Policymakers, stakeholders must unite to connect dots and make SL successful

Wednesday, 18 September 2019 00:00 -     - {{hitsCtrl.values.hits}}

Central Bank Governor Dr. Indrajit Coomaraswamy 

By Charumini de Silva

Central Bank Governor Dr. Indrajit Coomaraswamy yesterday said that policymakers and stakeholders across the economy must come together to “connect the dots” to set Sri Lanka on its desired growth trajectory.

The Governor made these comments while speaking at a panel discussion, which was part of the Ceylon Chamber of Commerce’s 19th Sri Lanka Economic Summit, titled 'Connecting the dots in Sri Lanka's economic development journey’.

"The nature of these dots - institutions, competitiveness and productivity, long-term planning, labour markets, exports and exchange rate, debts and deficits, inflation and high income economy - vary. Some may seem isolated, others may seem obscure and some may be missing, but we all need to come together to somehow connect the dots," he added.

With Sri Lanka graduating to the upper-middle income level by surpassing the $ 4,000 per capita threshold, he said that if annual average growth could be maintained at 8%, Sri Lanka would be in a position to make a leap in 15 years. 

"Today we are witnessing a different world with declining global growth and slow-paced trade. It is tough to achieve 8% growth, but not impossible."

Dr. Coomaraswamy said the way to get out of the middle income trap was to boost competitiveness and innovation. 

"With the upgrade there are two paradigm shifts in policymaking. We are now more subjected to discipline and we are also beginning to age before our economic transformation. Therefore, we need a growth framework to increase productivity and innovation," he added.

The Governor also said a lack of consistency and predictability in Sri Lanka's policies had resulted in large budget deficits and boom and bust cycles connected to elections.

Stating that Sri Lanka had been successful in maintaining inflation at single digits for over a decade, Dr. Coomaraswamy nevertheless asserted that achieving single-digit inflation did not in itself guarantee low and stable inflation in the future.

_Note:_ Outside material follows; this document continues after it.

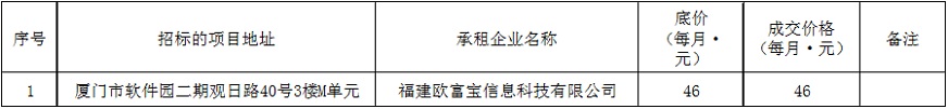 根據(jù)思明區(qū)國有企業(yè)資產(chǎn)出租管理的相關制度,我司2019年4月22日上午9:00于觀音山營運中心2號樓2層2號會議室進行公開招租現(xiàn)場開標,現(xiàn)通過思明控股網(wǎng)站對外發(fā)布成交公告,內(nèi)容如下:

"To institutionalise this achievement of low single-digit inflation, the Central Bank announced its intention to adopt flexible inflation targeting (FIT) by 2020. Remarkable progress has been made in this regard, including the drafting of necessary amendments to the Monetary Law Act (MLA), allowing greater flexibility in the determination of the exchange rate, upgrading institutional and technical capacity within the bank and enhancing our communication strategy," he added.

The Governor also said market-based pricing was imperative for FIT to be successful in maintaining inflation at single digits.

"With the adoption of the fuel pricing formula, domestic petroleum prices adjust in response to changes in global oil prices. Similarly, other prices and tariffs that are currently administratively determined, such as electricity, transport, LPG and milk powder, need to be market-based," he added.

Despite the political pressure, Dr. Coomaraswamy said the Central Bank had also allowed the exchange rate to be increasingly determined by the market. He therefore believes measures to allow prices to be more market-based would help in the implementation of FIT.

He went on to reveal that maintaining sustained growth in exports has been challenging.  "The average growth of exports from 1977 to 1999 was 10.7% and it has declined to 5.6% during the period of 2000-2018. The lack of export diversification needs addressing as regional peers have progressed with diversification. Sri Lanka also needs to diversify its exports with respect to markets. We should also fully utilise our potential using the existing product and market mix,” he added.

He said the recent movements in the exchange rate had also been supportive for exporters.

Stating that Foreign Direct Investment (FDI) was critical for emerging and developing economies such as Sri Lanka, Dr. Coomaraswamy said the country needed a few major anchor investors in key sectors to drive growth. However, it was noted that there was still room for massive improvement with respect to FDIs.

“For years and decades we have known what our economy is going to be like and what needs to be done, but we have not done it. This is a good opportunity for us to connect the dots and finish what we knew for a long time. The process is complicated and there are many groups with vested interests. However, we must complete it,” he said.